Update: This story has been revised to reflect the stay-at-home orders put in place by District Mayor Muriel E. Bowser (D), Maryland Gov. Larry Hogan (R), Virginia Gov. Ralph Northam (D) on Monday.

Rob Wittman is astonished that in a time of social distancing, real estate agents are holding open houses, allowing inspections and closing sales.

“It’s just bothering me — the cavalierness of the agents around me,” said Wittman, a real estate agent who planned to open his own brokerage, NextHome Reach, in early March but instead is sheltering in place because of the coronavirus outbreak. “There are too many [real estate agents] to count bragging about touring houses, their lame protective gear, or their prowess for sales during this crisis.”

Normally, spring is the busiest time of the year for the housing market, with buyers coming out in droves.

Now, as nonessential businesses are shuttering to wait out the pandemic, some real estate professionals are carrying on as usual — albeit with masks, gloves and hand sanitizer.

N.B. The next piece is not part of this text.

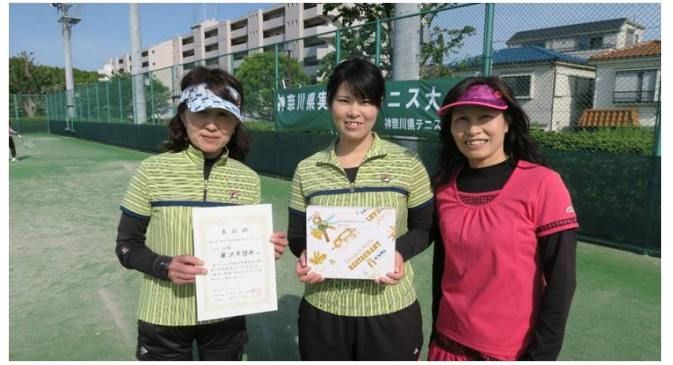
女子三位 藤沢市役所 (藤沢市)

Agents were holding open houses until they were prohibited by local officials. Nearly 200 open houses were listed last weekend and more than 600 open houses the week before in the D.C. region on the area’s multiple listing service. Mayor Muriel E. Bower (D) banned open houses as of Saturday; Maryland Gov. Larry Hogan (R) and Virginia Gov. Ralph Northam (D) forbid them as of Monday.

Home appraisers and inspectors are donning masks and gloves. Settlement companies are putting buyers and sellers in separate conference rooms and opening a new box of pens for each client who comes to a closing.

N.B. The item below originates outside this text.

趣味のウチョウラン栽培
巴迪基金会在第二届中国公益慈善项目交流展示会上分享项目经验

“It’s very, very surreal,” said Joe Gentile, president of Federal Title & Escrow in the District. “We still have people sending us contracts and buying homes despite what’s going on.”

With tens of millions of Americans on lockdown and working from home to try to stop the spread of the virus, states have taken different approaches to the spring ritual of house hunting.

Illinois, despite being hit hard by the coronavirus outbreak, has said that real estate is an essential service, and therefore is not required to close like retail outlets and restaurants.

But California, New York and Pennsylvania have said it is not. Seattle’s multiple listing service no longer allows agents to post open houses.

When Hogan ordered nonessential businesses to close in Maryland, he did not include real estate in that directive. The Maryland Realtors Association issued guidance that brokerages should close but that real estate agents could still make appointments, meet with clients and finish pending transactions.

And sheltering in place could have an unexpected benefit to the housing market.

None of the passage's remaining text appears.